Start of Records

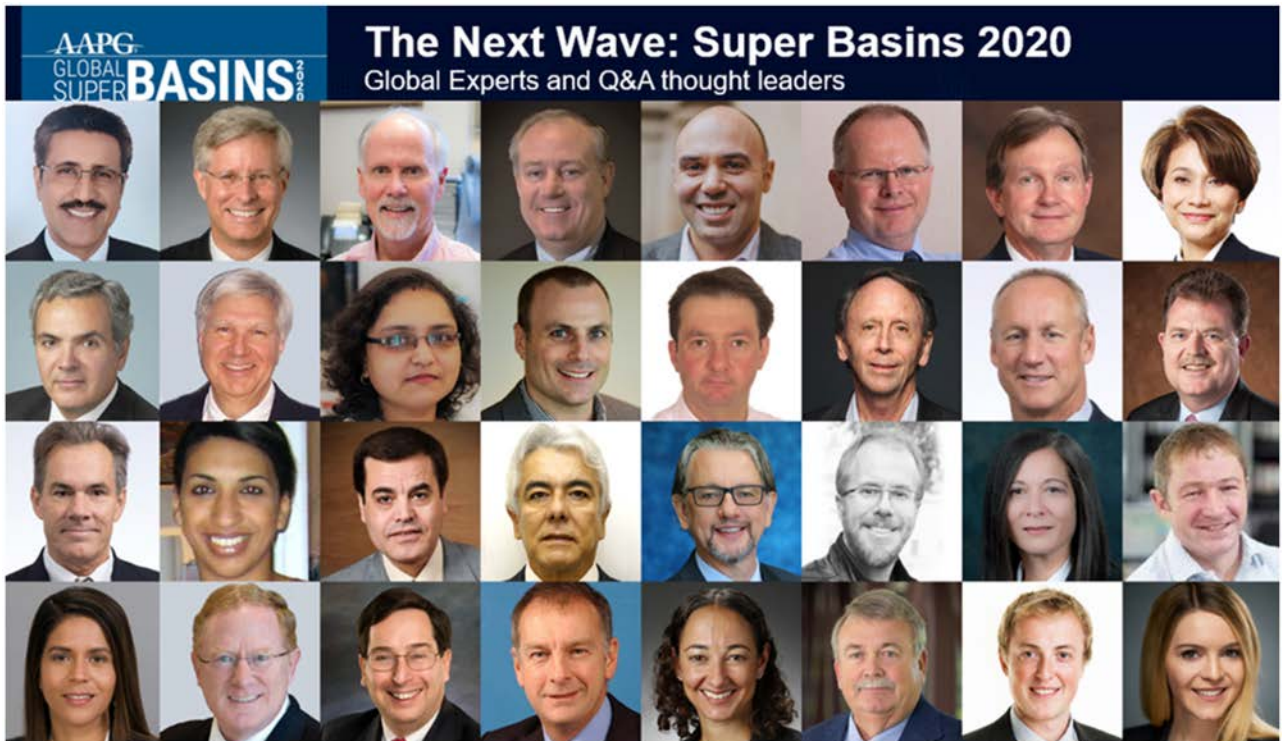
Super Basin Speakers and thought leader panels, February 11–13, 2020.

End of Records
Start of Records

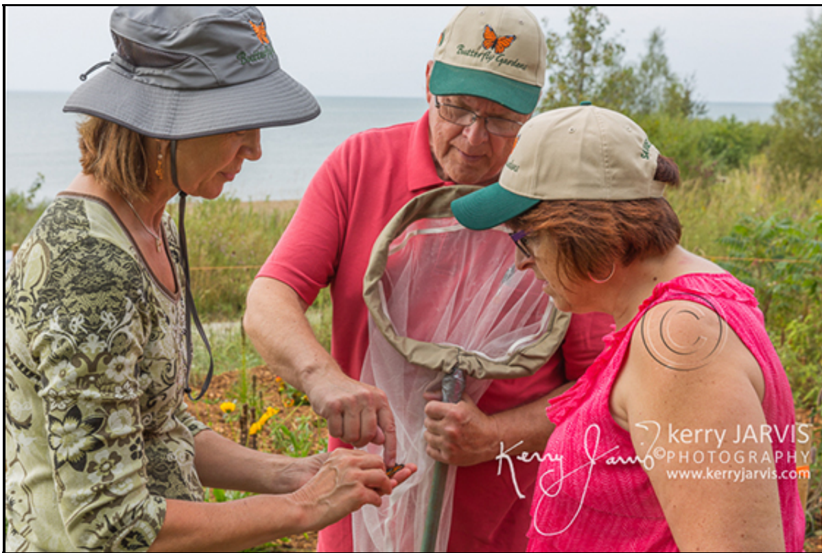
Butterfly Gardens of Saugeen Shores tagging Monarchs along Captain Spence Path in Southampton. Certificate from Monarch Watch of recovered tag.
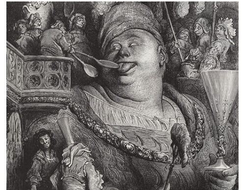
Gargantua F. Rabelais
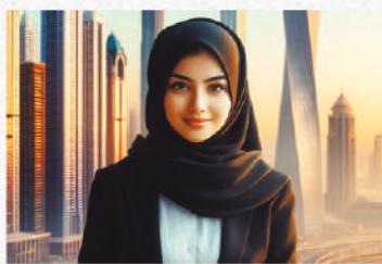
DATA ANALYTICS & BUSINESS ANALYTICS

End of Records
Start of Records

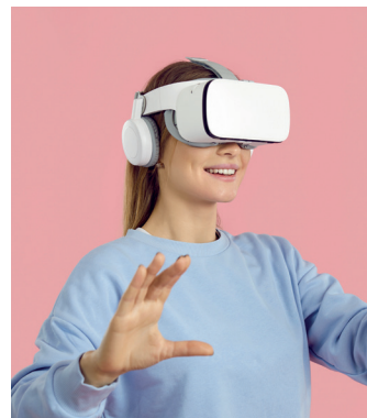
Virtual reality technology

End of Records

Instructions for the task
Write back the stretch of lines above that begins with the line holding "Gargantua F. Rabelais" and ends with the line holding "DATA ANALYTICS & BUSINESS ANALYTICS", both included, exactly as written. Pictures stay out.

Task solution
Gargantua F. Rabelais
DATA ANALYTICS & BUSINESS ANALYTICS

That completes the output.